Re: [RFC PATCH v1] mm/filemap: Allow arch to request folio size for exec memory

From: Ryan Roberts <ryan.roberts@arm.com>
To: Barry Song <21cnbao@gmail.com>, Matthew Wilcox <willy@infradead.org>
Cc: Catalin Marinas <catalin.marinas@arm.com>,
	Will Deacon <will@kernel.org>,
	Mark Rutland <mark.rutland@arm.com>,
	Andrew Morton <akpm@linux-foundation.org>,
	David Hildenbrand <david@redhat.com>,
	John Hubbard <jhubbard@nvidia.com>,
	linux-arm-kernel@lists.infradead.org,
	linux-kernel@vger.kernel.org, linux-fsdevel@vger.kernel.org,
	linux-mm@kvack.org
Subject: Re: [RFC PATCH v1] mm/filemap: Allow arch to request folio size for exec memory
Date: Mon, 15 Jan 2024 09:33:35 +0000	[thread overview]
Message-ID: <398fdb16-b8c5-4d02-bb5d-d4c9b8f9bf89@arm.com> (raw)
In-Reply-To: <CAGsJ_4wZzjprAs42LMw8s8C_iz4v7m6fiO7-7nBS2BxkU9u8QA@mail.gmail.com>

On 13/01/2024 00:11, Barry Song wrote:
> On Sat, Jan 13, 2024 at 12:04 PM Matthew Wilcox <willy@infradead.org> wrote:
>>
>> On Sat, Jan 13, 2024 at 11:54:23AM +1300, Barry Song wrote:
>>>>> Perhaps an alternative would be to double ra->size and set ra->async_size to
>>>>> (ra->size / 2)? That would ensure we always have 64K aligned blocks but would
>>>>> give us an async portion so readahead can still happen.
>>>>
>>>> this might be worth to try as PMD is exactly doing this because async
>>>> can decrease
>>>> the latency of subsequent page faults.
>>>>
>>>> #ifdef CONFIG_TRANSPARENT_HUGEPAGE
>>>>         /* Use the readahead code, even if readahead is disabled */
>>>>         if (vm_flags & VM_HUGEPAGE) {
>>>>                 fpin = maybe_unlock_mmap_for_io(vmf, fpin);
>>>>                 ractl._index &= ~((unsigned long)HPAGE_PMD_NR - 1);
>>>>                 ra->size = HPAGE_PMD_NR;
>>>>                 /*
>>>>                  * Fetch two PMD folios, so we get the chance to actually
>>>>                  * readahead, unless we've been told not to.
>>>>                  */
>>>>                 if (!(vm_flags & VM_RAND_READ))
>>>>                         ra->size *= 2;
>>>>                 ra->async_size = HPAGE_PMD_NR;
>>>>                 page_cache_ra_order(&ractl, ra, HPAGE_PMD_ORDER);
>>>>                 return fpin;
>>>>         }
>>>> #endif
>>>>
>>>
>>> BTW, rather than simply always reading backwards,  we did something very
>>> "ugly" to simulate "read-around" for CONT-PTE exec before[1]
>>>
>>> if page faults happen in the first half of cont-pte, we read this 64KiB
>>> and its previous 64KiB. otherwise, we read it and its next 64KiB.

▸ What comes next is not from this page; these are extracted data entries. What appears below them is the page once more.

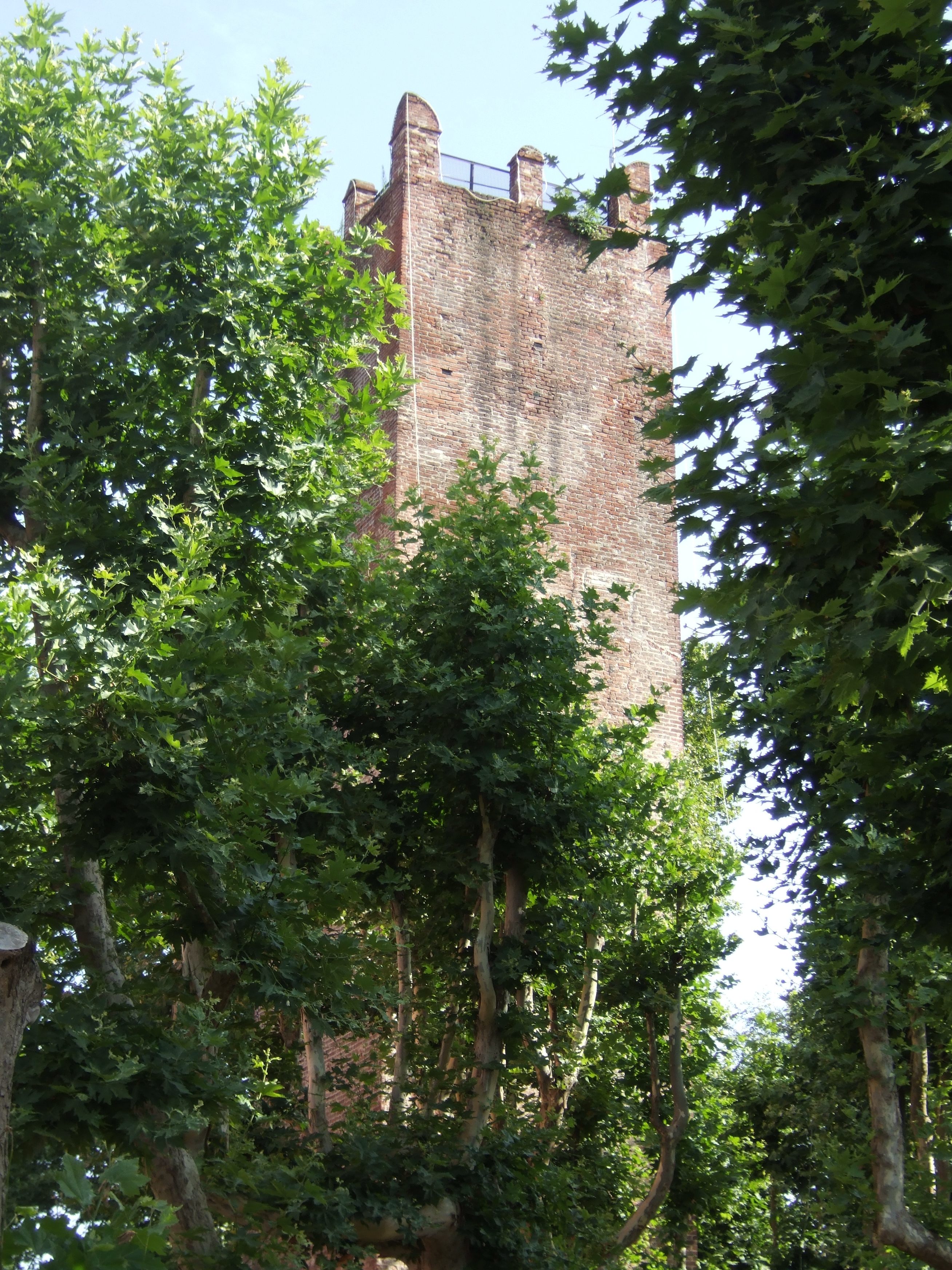 Tower of the ancient Castle (ruined) of Piobesi Torinese (Italy)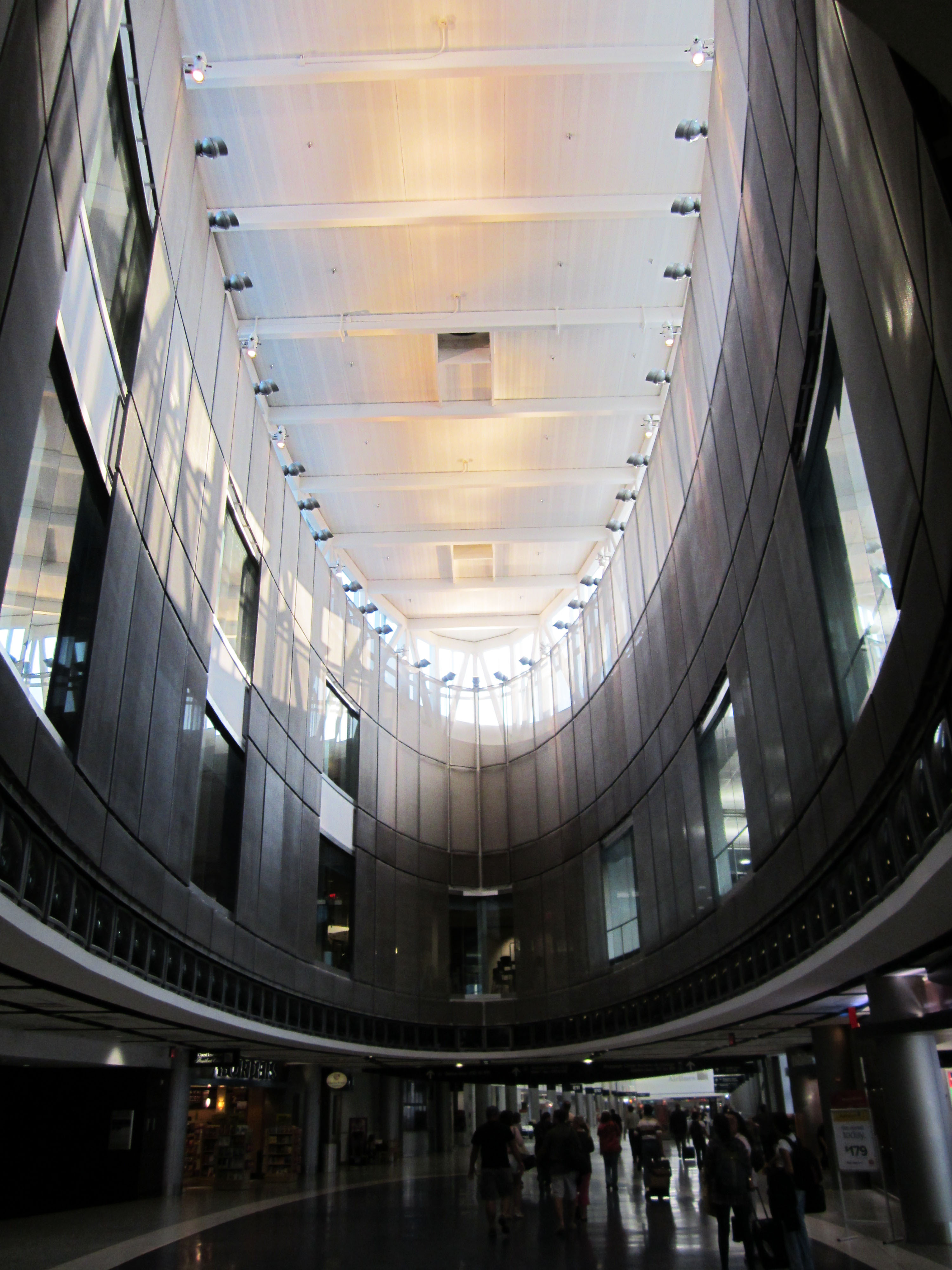 George Bush Airport Terminal E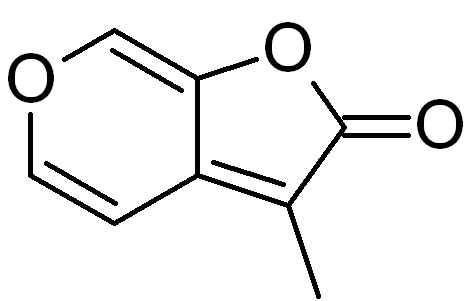 A butenolide found in smoke which promotes germination of seeds.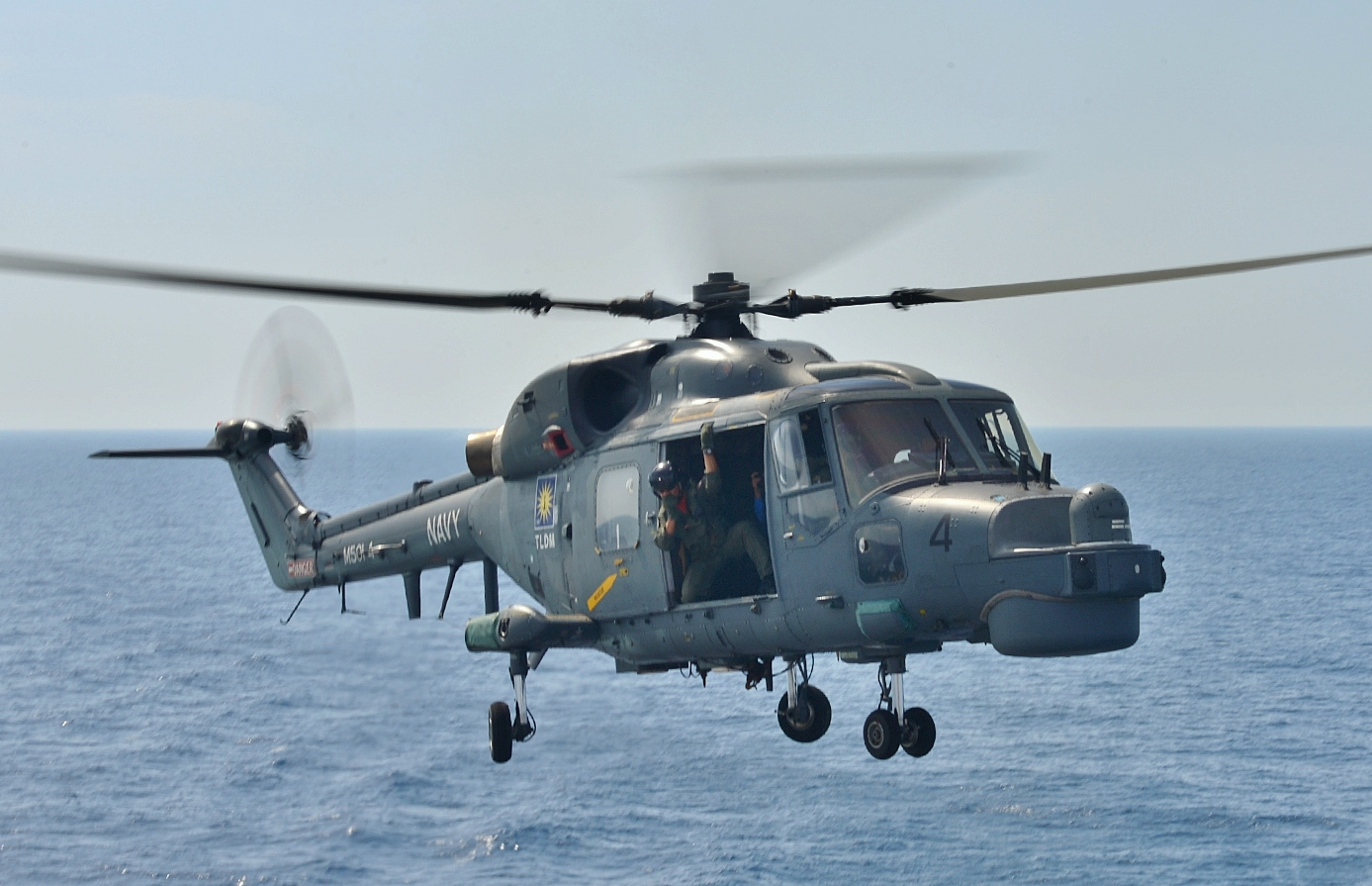 SOUTH CHINA SEA (June 18, 2013) A Royal Malaysian Navy Super Lynx prepares to land on the flight deck of USS Freedom (LCS 1) during deck landing qualifications (DLQs). The Super Lynx, call sign RENTAP, is the first foreign helicopter to ever land on Freedom. Freedom is in Malaysia participating in Cooperation Afloat Readiness and Training (CARAT) 2013. CARAT is a series of bilateral military exercises between the U.S. Navy and the armed forces of Bangladesh, Brunei, Cambodia, Indonesia, Malaysia, the Philippines, Singapore, Thailand and Timore Leste. (U.S. Navy photo by Mass Communication Specialist 1st Class Cassandra Thompson/Released)..A Royal Malaysian Navy Super Lynx helicopter prepares to land on the flight deck of the littoral combat ship USS Freedom (LCS 1) in the South China Sea during landing qualifications June 18, 2013, as part of Cooperation Afloat Readiness and Training (CARAT) 2013. The Super Lynx was the first foreign helicopter to land on the Freedom. CARAT is a series of bilateral exercises held annually in Southeast Asia to strengthen relationships and enhance force readiness. (U.S. Navy photo by Mass Communication Specialist 1st Class Cassandra Thompson/Released)..USN; CARAT 13; Foreign military; Super Lynx; Helicopter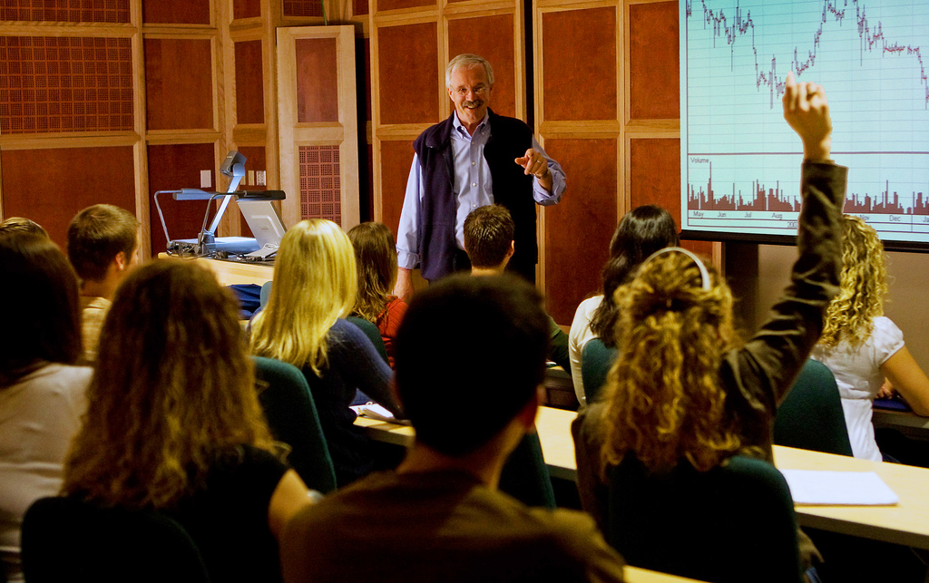 StFX Economics class.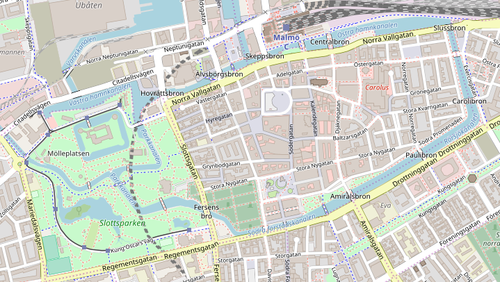 OpenStreetMap section showing center of Malmø, Sweden. Generated on 2018-03-20 in scale 1:20000 with Swedish street names shown. URL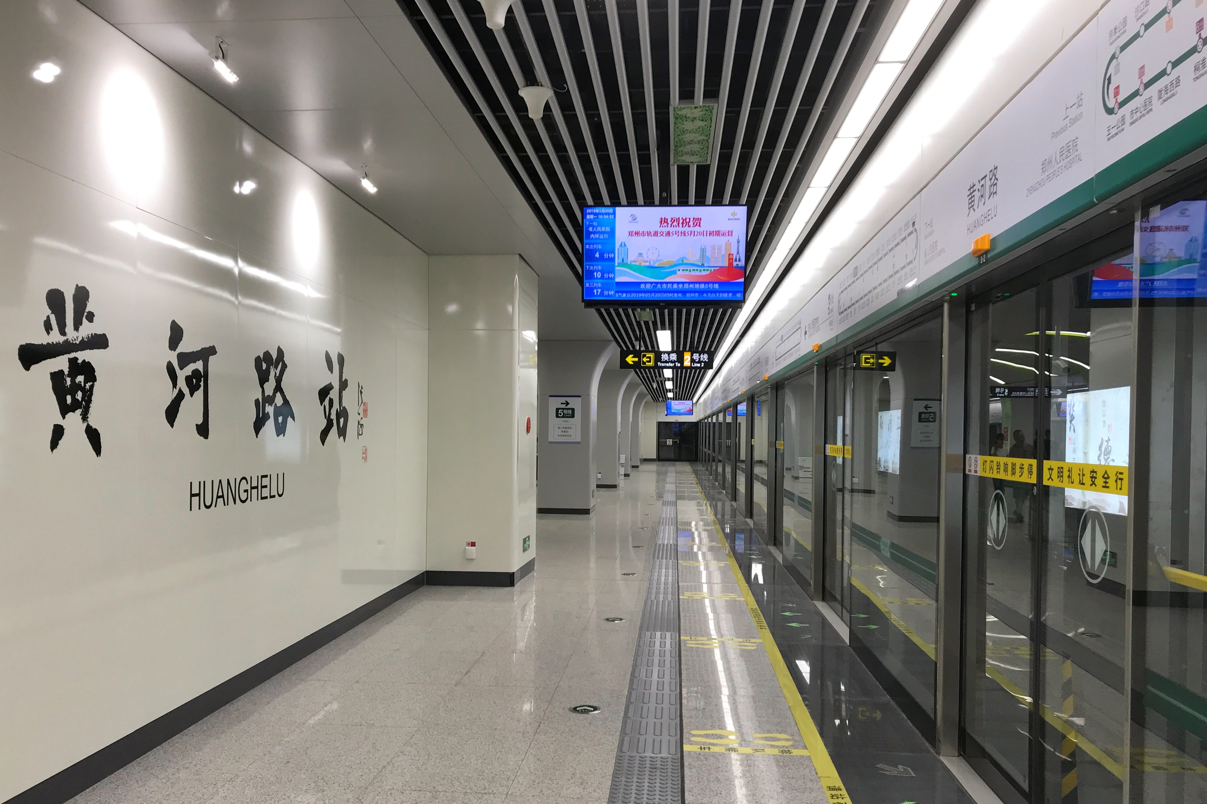 Platform of Line 5 at Huanghelu Station. It's the first day of operation for Line 5.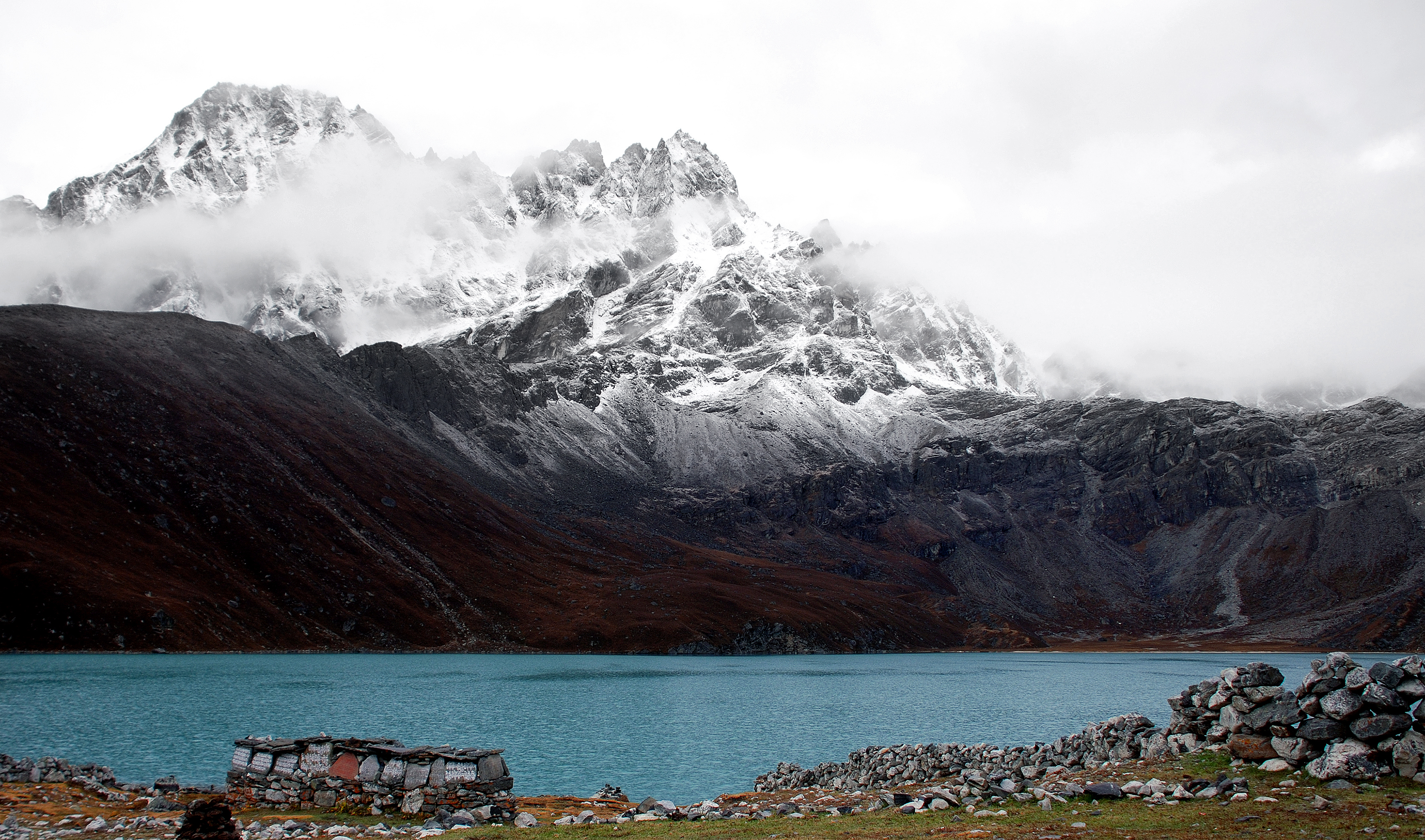 Gokyo Lake in Everest region, Nepal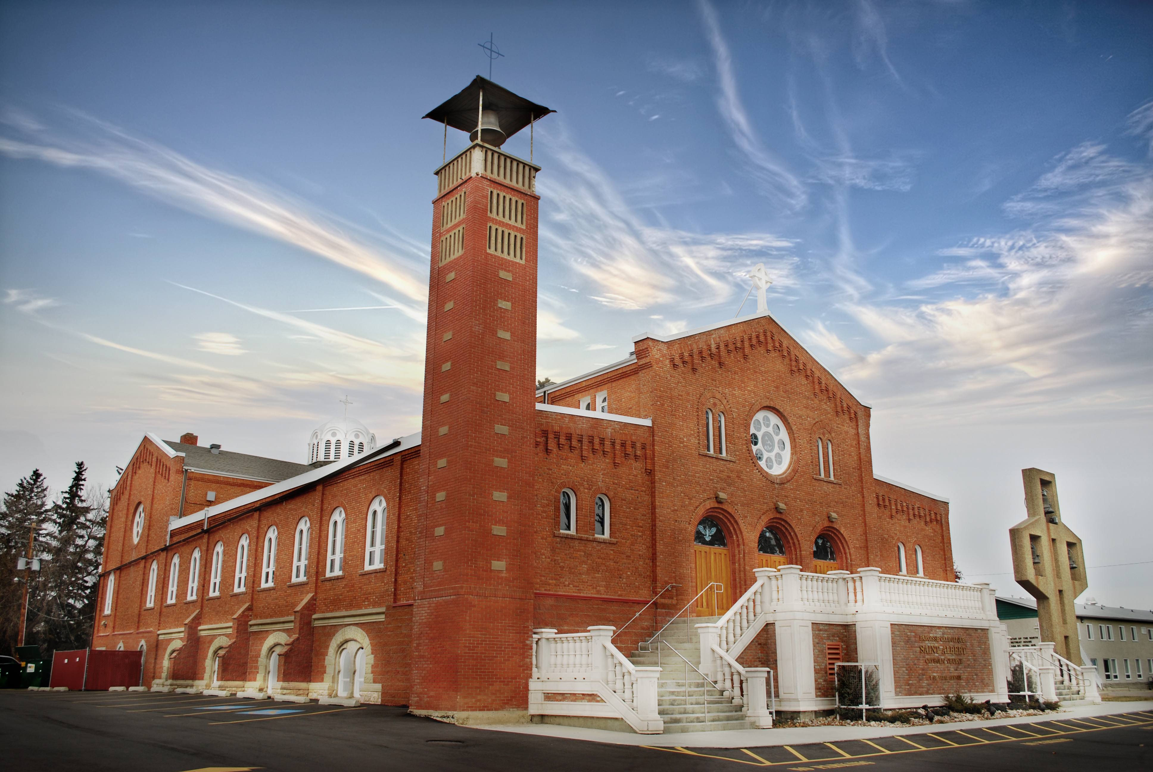 Fr. Albert Lacombe founded the St. Albert Mission in 1861, atop what is now St. Albert's Mission Hill on the current location of St. Albert Parish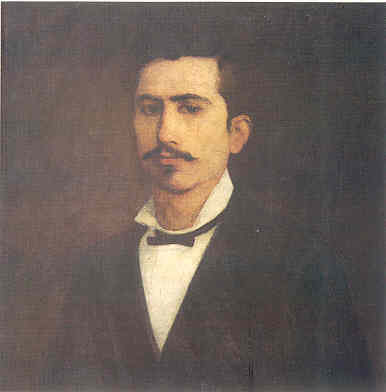 Portrait of Kostas Krystallis (1868-1894), Greek author end poet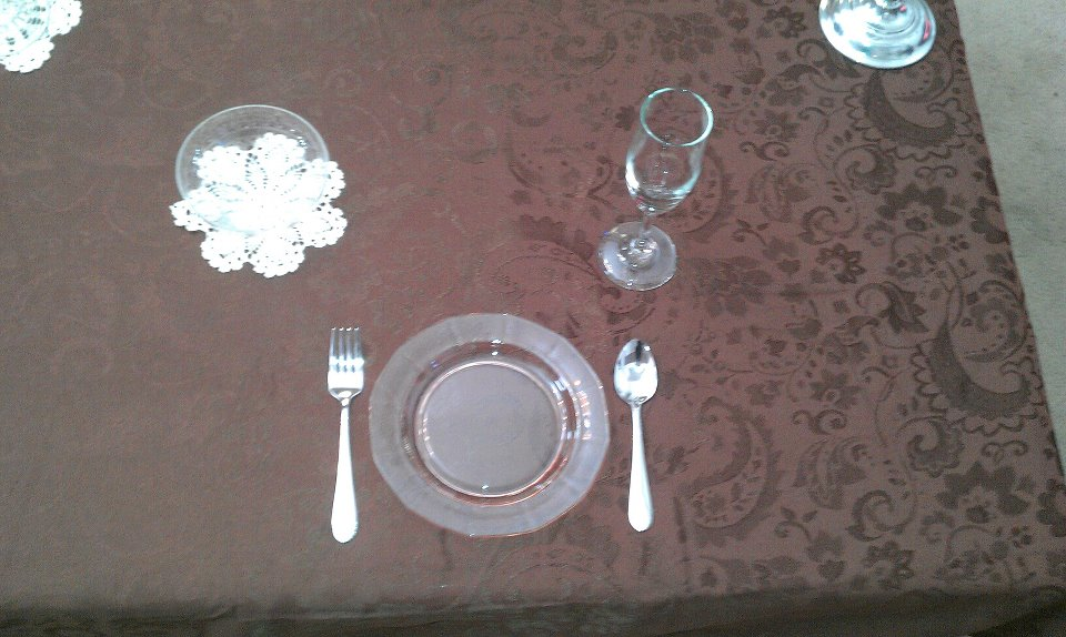 Served with champagne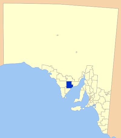 Modification of Astrokey44's original map found here: File:SA_LGA_blank.png Position of Coober pedy LGA

I actually tried something very similar to this while prototyping. I found that
it was about 10% less effective at getting text into 64K folios as the approach
I posted. I didn't investigate why, as I came to the conclusion that text
unlikely benefits from readahead anyway.

>>
>> I don't think that makes sense.  The CPU executes instructions forwards,
>> not "around".  I honestly think we should treat text as "random access"
>> because function A calls function B and functions A and B might well be
>> very far apart from each other.  The only time I see you actually
>> getting "readahead" hits is if a function is split across two pages (for
>> whatever size of page), but that's a false hit!  The function is not,
>> generally, 64kB long, so doing readahead is no more likely to bring in
>> the next page of text that we want than reading any other random page.
>>
> 
> it seems you are in favor of Ryan's modification even for filesystems
> which don't support large mapping?
> 
>> Unless somebody finds the GNU Rope source code from 1998, or recreates it:
>> https://lwn.net/1998/1029/als/rope.html
>> Then we might actually have some locality.
>>
>> Did you actually benchmark what you did?  Is there really some locality
>> between the code at offset 256-288kB in the file and then in the range
>> 192kB-256kB?
> 
> I really didn't have benchmark data, at that point I was like,
> instinctively didn’t
> want to break the logic of read-around, so made the code just that.
> The info your provide makes me re-think if the read-around code is necessary,
> thanks!

As a quick experiment, I modified my thpmaps script to collect data *only* for
executable mappings. This is run *without* my change:

| File-backed exec folios |    Speedometer | Kernel Compile |
|=========================|================|================|
|file-thp-aligned-16kB    |            56% |            46% |
|file-thp-aligned-32kB    |             2% |             3% |
|file-thp-aligned-64kB    |             4% |             5% |
|file-thp-unaligned-16kB  |             0% |             3% |
|file-thp-unaligned-128kB |             2% |             0% |
|file-thp-partial         |             0% |             0% |

It's implied that the rest of the memory (up to 100%) is small (single page)
folios. I think the only reason we would see small folios is if we would
otherwise run off the end of the file?

If so, then I think any text in folios > 16K is a rough proxy for how effective
readahead is for text: Not very.

Intuitively, I agree with Matthew that readahead doesn't make much sense for
text, and this rough data seems to agree.

> 
> was using filesystems without large-mapping support but worked around
> the problem by
> 1. preparing 16*n normals pages
> 2. insert normal pages into xa
> 3. let filesystem read 16 normal pages
> 4. after all IO completion, transform 16 pages into mTHP and reinsert
> mTHP to xa

I had a go at something like this too, but was doing it in the dynamic loader
and having it do MADV_COLLAPSE to generate PMD-sized THPs for the text. I
actaully found this to be even faster for the use cases I was measuring. But of
course its using more memory due to the 2M page size, and I expect it is slowing
down app load time because it is potentially reading in a lot more text than is
actually faulting. Ultimately I think the better strategy is to make the
filesystems large folio capable.

> 
> that was very painful and finally made no improvement probably because
> of due to various sync overhead. so  ran away and didn't dig more data.
> 
> Thanks
> Barry